* [WHAT TO PRODUCE] With the pictures left aside, write out exactly the lines of the listing below from the line with "AACN PCCN Review: Cardiac" to the line with "Czarna bluzka damska", both included, and only those.

* [GIVEN RECORDS]
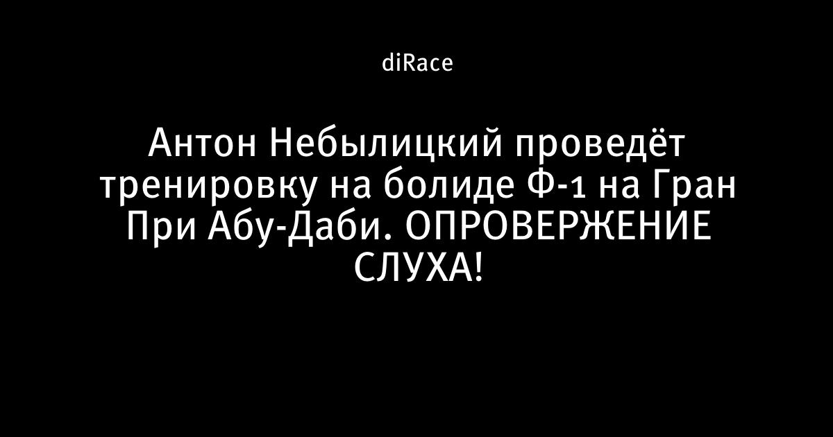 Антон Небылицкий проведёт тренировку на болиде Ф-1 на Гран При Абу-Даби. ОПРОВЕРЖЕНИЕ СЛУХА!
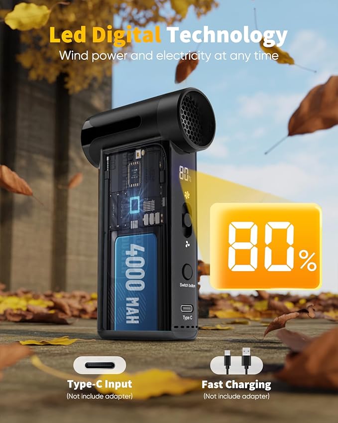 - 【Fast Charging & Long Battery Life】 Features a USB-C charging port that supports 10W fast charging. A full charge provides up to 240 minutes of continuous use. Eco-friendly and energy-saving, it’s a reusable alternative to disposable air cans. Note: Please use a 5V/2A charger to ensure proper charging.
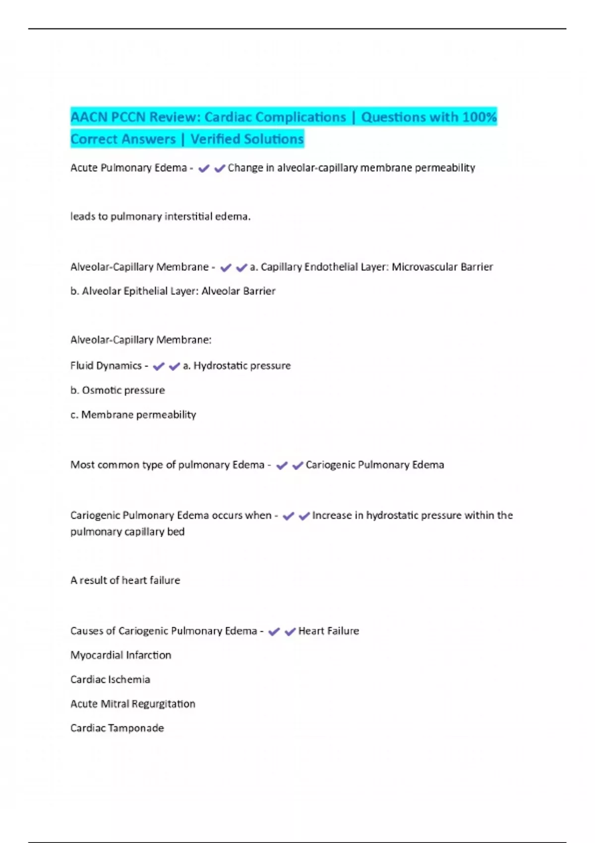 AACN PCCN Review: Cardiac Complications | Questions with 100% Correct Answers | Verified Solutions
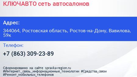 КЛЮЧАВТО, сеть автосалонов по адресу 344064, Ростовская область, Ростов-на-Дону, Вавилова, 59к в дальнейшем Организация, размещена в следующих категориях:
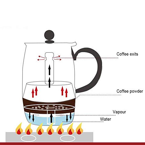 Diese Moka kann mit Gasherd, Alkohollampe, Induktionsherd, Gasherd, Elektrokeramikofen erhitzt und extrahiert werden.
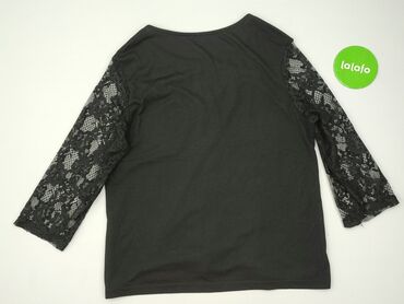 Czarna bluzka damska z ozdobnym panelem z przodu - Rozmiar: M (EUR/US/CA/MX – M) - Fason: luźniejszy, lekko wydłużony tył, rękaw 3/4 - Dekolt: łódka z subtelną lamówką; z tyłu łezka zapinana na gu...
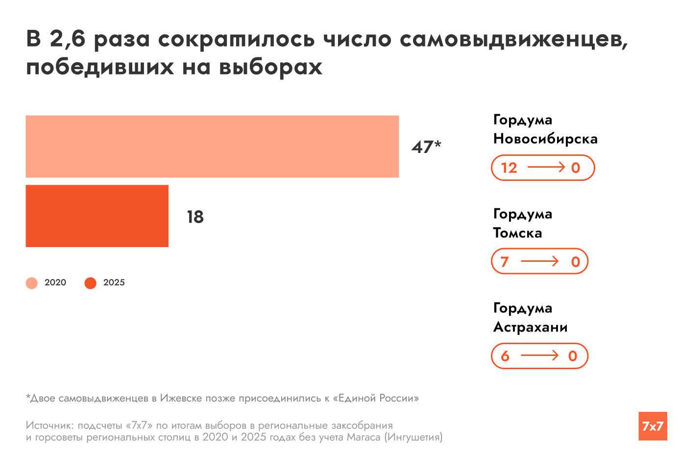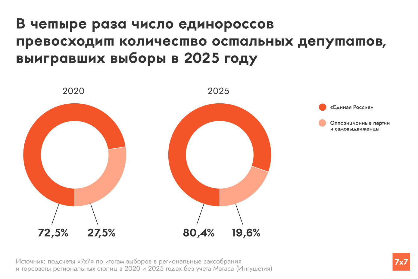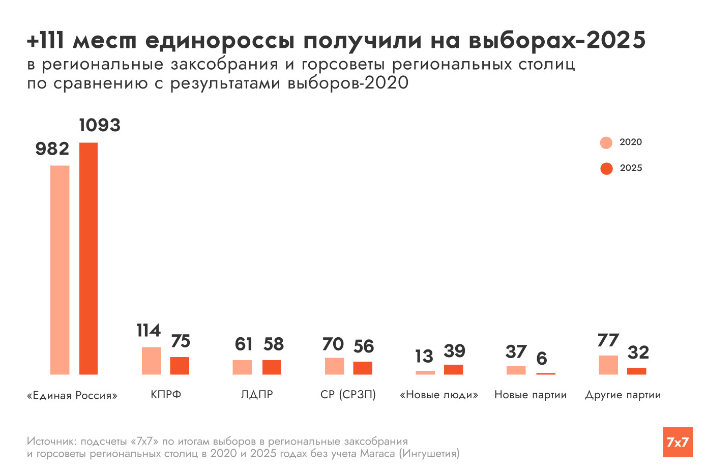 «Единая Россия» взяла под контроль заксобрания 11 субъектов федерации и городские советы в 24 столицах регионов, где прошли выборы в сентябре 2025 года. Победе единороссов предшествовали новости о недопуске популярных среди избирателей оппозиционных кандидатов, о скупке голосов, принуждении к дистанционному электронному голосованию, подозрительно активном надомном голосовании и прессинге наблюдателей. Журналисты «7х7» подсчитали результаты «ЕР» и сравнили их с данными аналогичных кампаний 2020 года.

* [ANSWER FOR THIS EXERCISE]
 AACN PCCN Review: Cardiac Complications | Questions with 100% Correct Answers | Verified Solutions
 КЛЮЧАВТО, сеть автосалонов по адресу 344064, Ростовская область, Ростов-на-Дону, Вавилова, 59к в дальнейшем Организация, размещена в следующих категориях:
 Diese Moka kann mit Gasherd, Alkohollampe, Induktionsherd, Gasherd, Elektrokeramikofen erhitzt und extrahiert werden.
 Czarna bluzka damska z ozdobnym panelem z przodu - Rozmiar: M (EUR/US/CA/MX – M) - Fason: luźniejszy, lekko wydłużony tył, rękaw 3/4 - Dekolt: łódka z subtelną lamówką; z tyłu łezka zapinana na gu...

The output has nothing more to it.